The Pulitzer Prize–winning author, poet, and artist N. Scott Momaday made Ledger Drawing, Kiowa Year 1849 for the portfolio Indian Self-Rule in 1983. The portfolio comprises seven pages: a title, a colophon, and five limited-edition prints featuring the works of critically acclaimed artists David P. Bradley, Jaune Quick-To-See Smith, Darren Vigil Gray, and Randy Lee White, in addition to Momaday.

Ledger art is a narrative-based pictorial form of visual autoethnography first created in the nineteenth century by Kiowa, Cheyenne, Arapaho, Caddo, and Comanche warriors while they were imprisoned at Fort Marion (Castillo de San Marcos) in St. Augustine, Florida.1 Ledger Drawing, Kiowa Year 1849—a hand-colored etching and aquatint with embossing—refers to the year of the cholera epidemic, a disease brought to the Kiowas by immigrants from the California coast. The etching is rife with pictorial Kiowa visual language, sequenced to tell a particular story about what Kiowa people endured.

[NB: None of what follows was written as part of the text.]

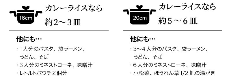 16cmは一人暮らしの方や、ちょっとした野菜の湯がきにも使いやすいサイズ感。20cmはカレーライス5〜6皿が作れる容量でした。
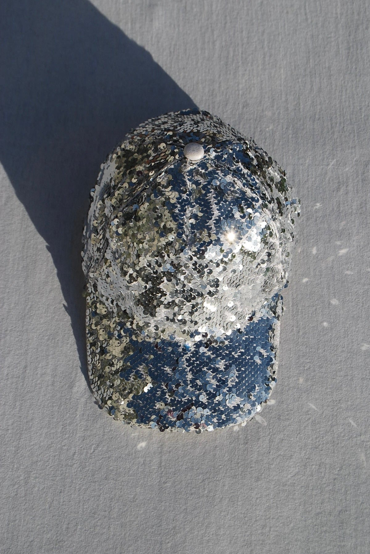 A four-panel baseball cap crafted on a premium 100% cotton base and fully embroidered with silver sequins. Designed with a gently curved visor and adjustable back strap for an effortless, unstructured fit.

“This work is a nod to the (Kiowa) calendars we used to create. The sundance lodge . . . the man sick with cholera let us know this depiction is set in the summer. The black eared horse . . . tells of a time of great sacrifice and prayer.”
—Travis Mammedaty (Kiowa, Cayuga, Wyandot), 2020

—Jordan Poorman Cocker, Henry Luce Foundation Curatorial Scholar for Indigenous Painting Collection Research, 2021

This text was developed from an interview with Kiowa artist and language instructor Travis Mammedaty (Kiowa, Cayuga, Wyandot), nephew of N. Scott Momaday, by Jordan Poorman Cocker, July 20, 2021

1 Fort Reno was established in Indian Territory to colonize the region (now Oklahoma) in 1874. Not long after, more than thirty Cheyenne and Arapaho men and one woman defied the military takeover of the land, and they were arrested and sent to Fort Marion in St. Augustine, Florida. At Fort Marion, attempts were made to assimilate and colonize the prisoners, who were encouraged to renounce their culture, and were given Western educations and taught to speak and write English. They also continued to make narrative figurative drawings and paintings, although now using Western media (graphite, ink, colored pencils, oil pastels, and watercolors on paper) rather than hide and natural pigments. The works are called ledger art because the paper was from accountants’ ledger books. After they were released from prison in 1878, several Fort Marion survivors returned to Fort Reno, where they enlisted as scouts and continued drawing.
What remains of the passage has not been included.